Perspectives on Going Viral

by Cheri Lucas Rowlands

You wake up one morning, check your phone, and spit out your coffee. You have thousands of likes on Facebook, hundreds of retweets, and an inbox that has exploded. Your little blog — which normally gets a dozen views per day and has an audience of exactly two, your spouse and mother — has been shared all over the internet, and that post you wrote last night, in your pajamas, has gone viral.

Going viral is different for everyone, but it can be a strange blend of exciting and terrifying — and very emotional, as writer Sam Dylan Finch described in his recent interview.
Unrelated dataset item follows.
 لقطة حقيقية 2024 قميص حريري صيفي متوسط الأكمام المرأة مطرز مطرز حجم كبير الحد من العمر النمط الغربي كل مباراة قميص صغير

Here, four bloggers on WordPress.com share their experiences.

Gretchen Kelly, Drifting Through My Open Mind

Gretchen KellyLast November, Gretchen Kelly published “The Thing All Women Do That You Don’t Know About,” in which she described all the tactics women employ to move safely through a world of sexism and harassment. Nearly two thousand comments and more than two million views later, the post continues to generate a lot of activity.
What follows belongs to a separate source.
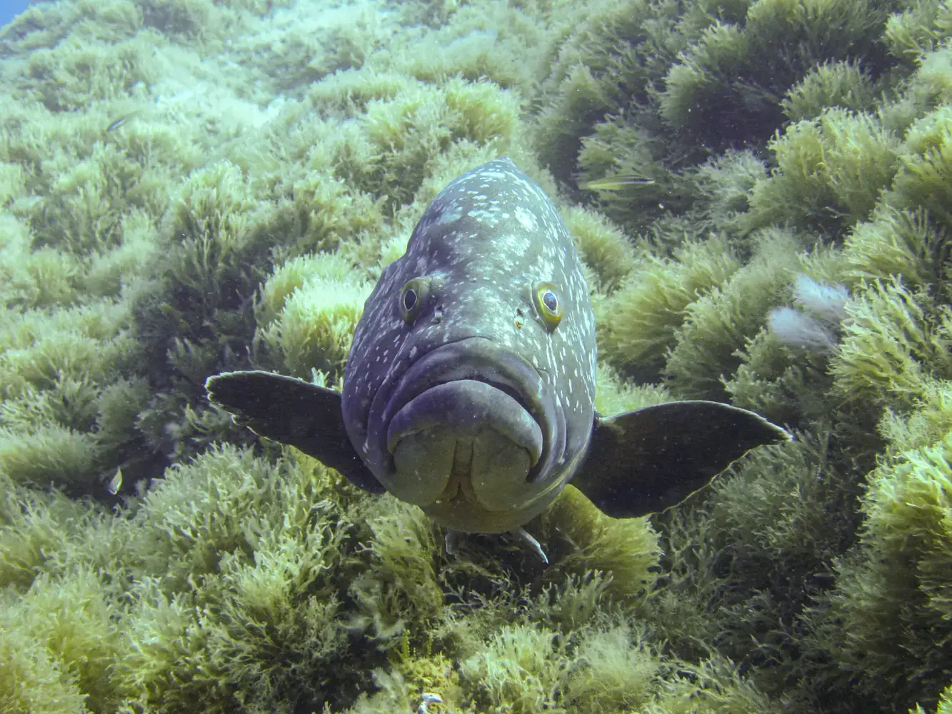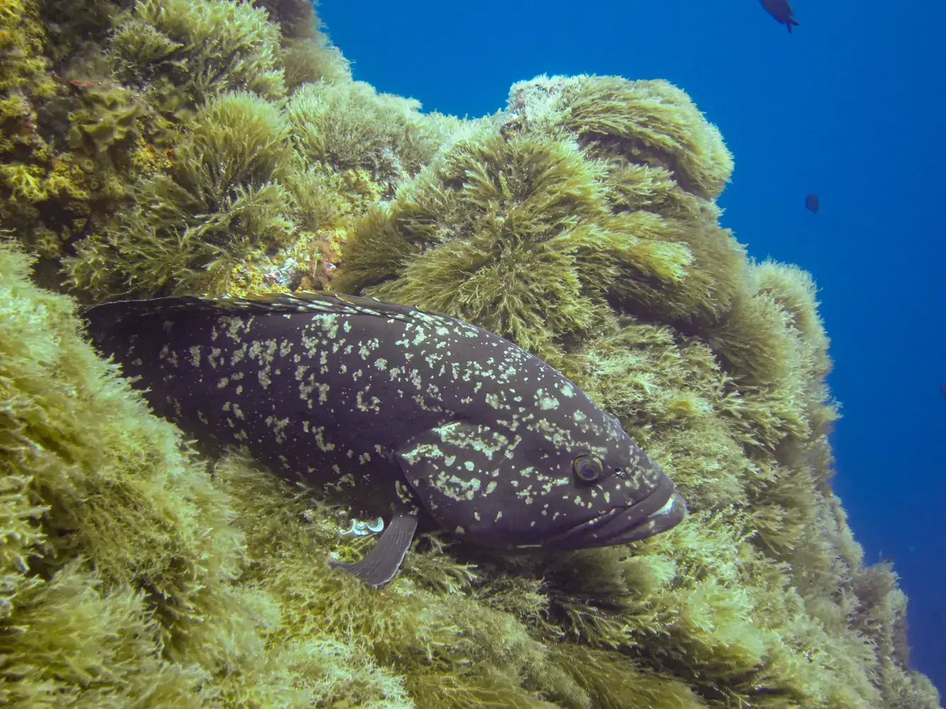 La Gabinière Est et Ouest : Ces deux tombants qui plongent à pic vers 40-50 mètres sont LE spot pour observer les mérous. Ils y sont nombreux, curieux et peu craintifs. Vous y verrez aussi des nuées de corbs (brown meagre), des mostelles, des congres et, avec un peu de chance, des dentis.

Can you pinpoint the spark that set it all off?

Twitter is where my post first started to get some traction. I knew something was going on when I started seeing retweets and comments from non-bloggers. Soon, my Twitter notifications were going crazy. People started asking to publish it in different languages, and the Huffington Post and Upworthy contacted me. It was circulating on Facebook, too, but I wasn’t as aware of that. I think it was shared initially because it resonated with so many women. Then, it was shared by people who were angered by it. There’s definitely a sweet and salty feel to going viral.

What is one thing you learned from the experience?

I don’t know if anything can prepare you for the turbulence of going viral. I learned that I’m not as thick-skinned as I’d like to think. I received so many positive, touching messages from both men and women. But the negative, hateful comments? Those were tough to take. At times I let them get to me and affect my mood. Eventually, I had to turn off notifications on my phone and take a break from it all.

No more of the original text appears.